Hi hackers
Еhank you for your work.
Let me start my review from the top — specifically, in clausesel.c, the
function clauselist_selectivity_ext():
1. About check clauses == NULL. In my opinion, this check should be
kept. This issue has already been discussed previously[0], and I think
it's better to keep the safety check.
2. I noticed that the patch applies extended statistics to OR clauses as
well. There's an example from regression tests illustrating this:
Before applying ext stats:
SELECT * FROM check_estimated_rows('select * from join_test_1 j1 join
join_test_2 j2 on ((j1.a + 1 = j2.a + 1) or (j1.b = j2.b))');
estimated | actual
-----------+--------
104500 | 100000
After applying ext stats:
SELECT * FROM check_estimated_rows('select * from join_test_1 j1 join
join_test_2 j2 on ((j1.a + 1 = j2.a + 1) or (j1.b = j2.b))');
estimated | actual
-----------+--------
190000 | 100000
(1 row)
I agree that, at least for now, we should focus solely on AND clauses.
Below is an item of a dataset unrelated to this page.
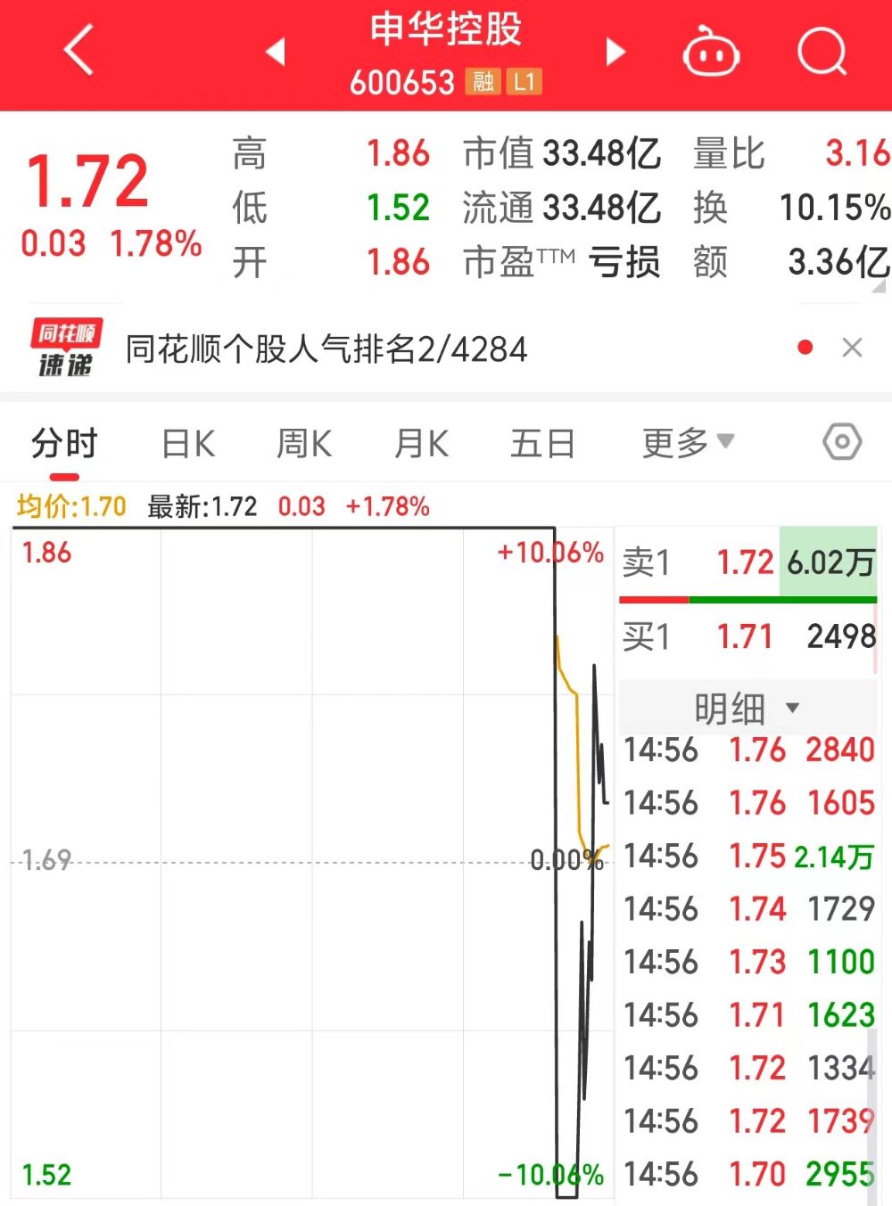6月5日,申华控股(600653.SH)开盘一字涨停,但午后不久便快速下跌至跌停,上演“天地板”行情。截至收盘,申华控股股价收涨1.78%,报1.72元。此前,该股已连续4个交易日涨停。

To do that, we should impose the same restriction in
clauselist_selectivity_or() as we already do in
clauselist_selectivity_ext().
What do you think? Or shall we consider OR-clauses as well?
[0]:
https://www.postgresql.org/message-id/flat/016e33b7-2830-4300-bc89-e7ce9e613bad%40tantorlabs.com
--
Best regards,
Ilia Evdokimov,
Tantor Labs LLC.